REVIEW, The Morning Telegraph, August 2, 1914:
"In the fifth installment of the Thanhouser serial the activities of Jones, Hargreave's butler, begin to assume proportions which promise to make him the central figure in the plot action. With able foresight the author of the photo-mystery has conveyed the impression that the butler could tell, if he would, where the treasure of Hargreave was hidden. The conspirators themselves begin to realize that the butler is the key to the situation, and determine to watch him closely. And Jones determines to fool them - which he does.
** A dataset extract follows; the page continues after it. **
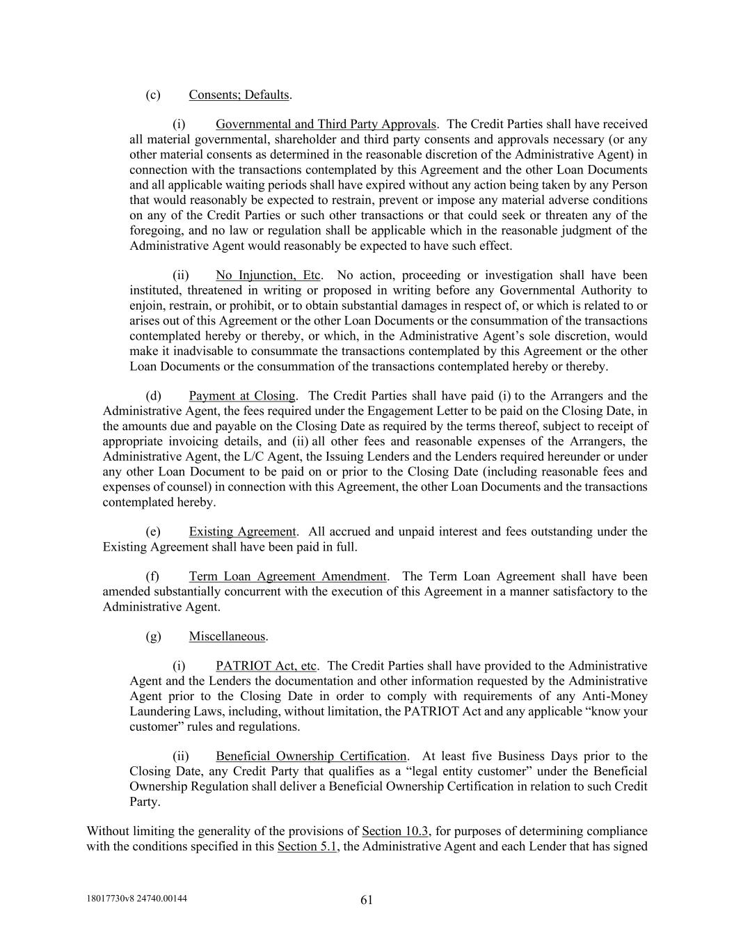 18017730v8 24740.00144 61 (c) Consents; Defaults. (i) Governmental and Third Party Approvals. The Credit Parties shall have received all material governmental, shareholder and third party consents and approvals necessary (or any other material consents as determined in the reasonable discretion of the Administrative Agent) in connection with the transactions contemplated by this Agreement and the other Loan Documents and all applicable waiting periods shall have expired without any action being taken by any Person that would reasonably be expected to restrain, prevent or impose any material adverse conditions on any of the Credit Parties or such other transactions or that could seek or threaten any of the foregoing, and no law or regulation shall be applicable which in the reasonable judgment of the Administrative Agent would reasonably be expected to have such effect. (ii) No Injunction, Etc. No action, proceeding or investigation shall have been instituted, threatened in writing or proposed in writing before any Governmental Authority to enjoin, restrain, or prohibit, or to obtain substantial damages in respect of, or which is related to or arises out of this Agreement or the other Loan Documents or the consummation of the transactions contemplated hereby or thereby, or which, in the Administrative Agent’s sole discretion, would make it inadvisable to consummate the transactions contemplated by this Agreement or the other Loan Documents or the consummation of the transactions contemplated hereby or thereby. (d) Payment at Closing. The Credit Parties shall have paid (i) to the Arrangers and the Administrative Agent, the fees required under the Engagement Letter to be paid on the Closing Date, in the amounts due and payable on the Closing Date as required by the terms thereof, subject to receipt of appropriate invoicing details, and (ii) all other fees and reasonable expenses of the Arrangers, the Administrative Agent, the L/C Agent, the Issuing Lenders and the Lenders required hereunder or under any other Loan Document to be paid on or prior to the Closing Date (including reasonable fees and expenses of counsel) in connection with this Agreement, the other Loan Documents and the transactions contemplated hereby. (e) Existing Agreement. All accrued and unpaid interest and fees outstanding under the Existing Agreement shall have been paid in full. (f) Term Loan Agreement Amendment. The Term Loan Agreement shall have been amended substantially concurrent with the execution of this Agreement in a manner satisfactory to the Administrative Agent. (g) Miscellaneous. (i) PATRIOT Act, etc. The Credit Parties shall have provided to the Administrative Agent and the Lenders the documentation and other information requested by the Administrative Agent prior to the Closing Date in order to comply with requirements of any Anti-Money Laundering Laws, including, without limitation, the PATRIOT Act and any applicable “know your customer” rules and regulations. (ii) Beneficial Ownership Certification. At least five Business Days prior to the Closing Date, any Credit Party that qualifies as a “legal entity customer” under the Beneficial Ownership Regulation shall deliver a Beneficial Ownership Certification in relation to such Credit Party. Without limiting the generality of the provisions of Section 10.3, for purposes of determining compliance with the conditions specified in this Section 5.1, the Administrative Agent and each Lender that has signed

"Sidney Bracy plays his important role with remarkable ability. He conveys by the expression on his face just the right degree of information to his audience without revealing to them anything definite. One knows that he is deceiving Braine and his cohorts, but one does not know surely whether he is not at the same time deceiving the audience. And when there is a $10,000 thought attached largely to Jones's actions, thinking out the activities of such a man becomes a painful process. Florence LaBadie is the same attractive little heroine of the first four episodes - not at all emotional, and not a great actress - but adequate in her part in that she looks pretty and interesting and quite unaffected. Naturalness is her forte.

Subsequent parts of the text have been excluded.